Prove that $\phi(xy) = \phi(x) \phi(y)$ for any $x$ and $y$ with $(x, y) = 1$.
I understand the concept, and have done several examples proofing this but cannot put it in "proof form" because unless its a counterexample, it cannot be proven by just using the numbers that I have from a table.
The Chinese remainder theorem indicates we can always separately solve
$$\begin{cases}a\equiv b_1\mod p_1^{\alpha_1} \\ \vdots \\a\equiv b_n\mod p_n^{\alpha_n}\end{cases}$$
for distinct primes $p_i$
So since there are $\varphi(p_i^{\alpha_i})$ choices for equivalence classes mod $p_i^{\alpha_i}$ coprime to the modulus for each of the independent choices, the total number of numbers coprime to $n$ is
$$\varphi(n)=\prod_{i=1}^n\varphi(p_i^{\alpha_i})$$
If you've seen a proof of the formula $$\sum\limits_{d \mid n} \phi(d) = n$$ ($d$ runs through all the positive divisors of $n$, including $1$ and $n$), you can actually deduce the multiplicativity of $\phi$ from here. The above rule itself is not hard to prove, and requires little more than good intuition about the greatest common divisor of two numbers. I can give you a proof of the above rule if you want.
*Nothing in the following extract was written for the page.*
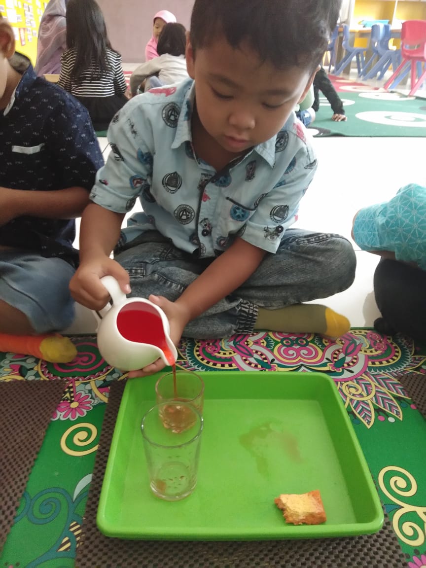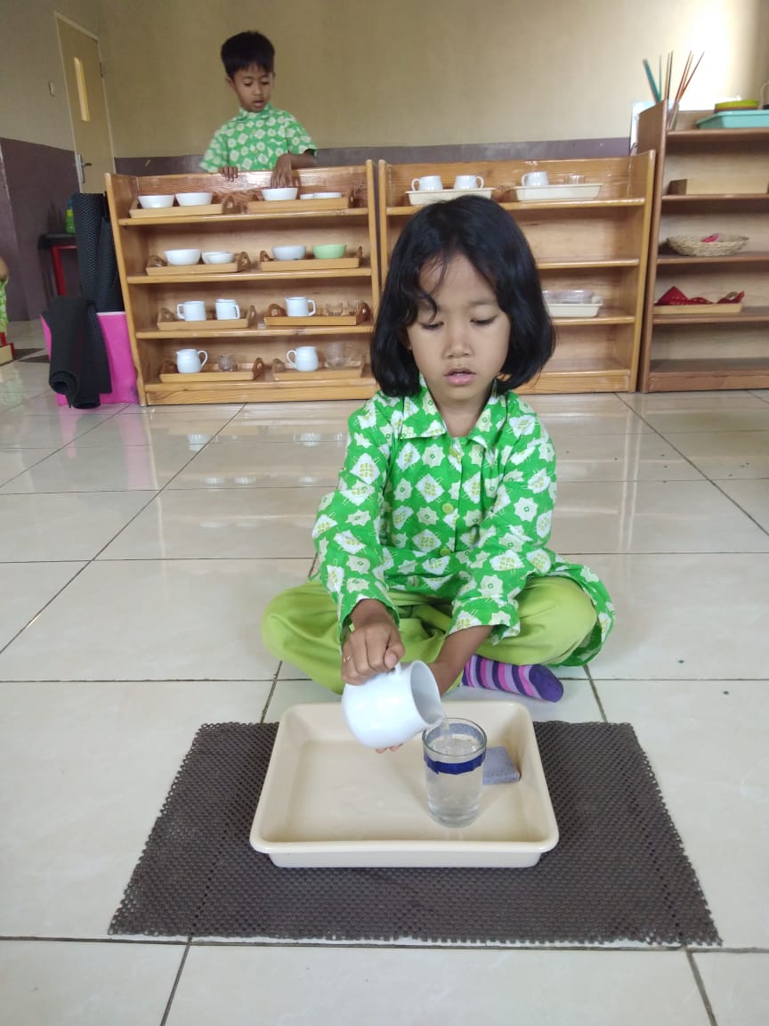 Salah satu dari materi di kelas Montessori. Anak-anak secara inheren tertarik pada aktivitas air. Mereka menyukai proses menuangkan, mencuci, dan memindahkan air. Kegiatan ini membangun konsentrasi seorang anak yang kuat bertahan lama. Yang bisa dihasilkan dari pembelajaran ini adalah antara lain, :
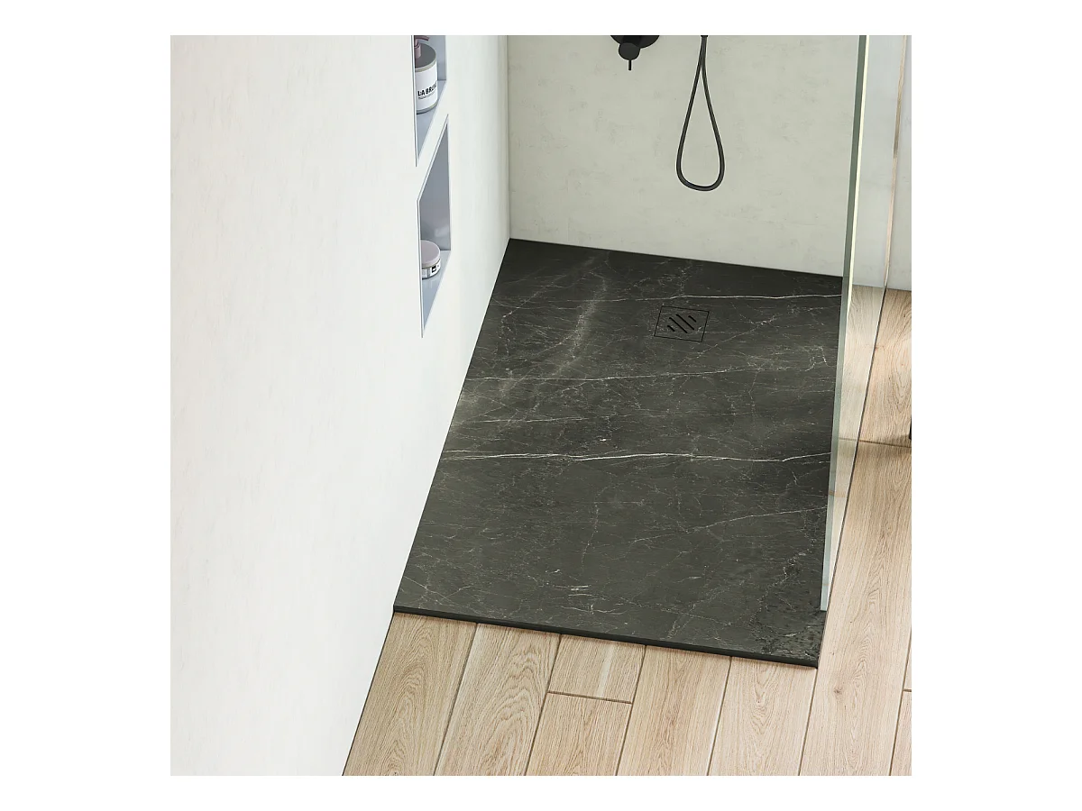Receveur de Douche Extraplat 80x120x2,6cm – Impression Marquina en Résine Minérale - Antidérapant - RÉSIGRÈS

For example, let's use the above formula to show that $\phi(pq) = \phi(p)\phi(q)$ for distinct primes $p$ and $q$. The divisors of $pq$ are $1, p, q, pq$ so $$pq = \phi(1) + \phi(p) + \phi(q) + \phi(pq) = 1 + (p-1) + (q-1) + \phi(pq)$$ which implies $$\phi(pq) = pq + 1 - p - q = (p - 1)(q-1) = \phi(p) \phi(q)$$ The general case of multiplicativity can be similarly done, although it requires some tricky induction.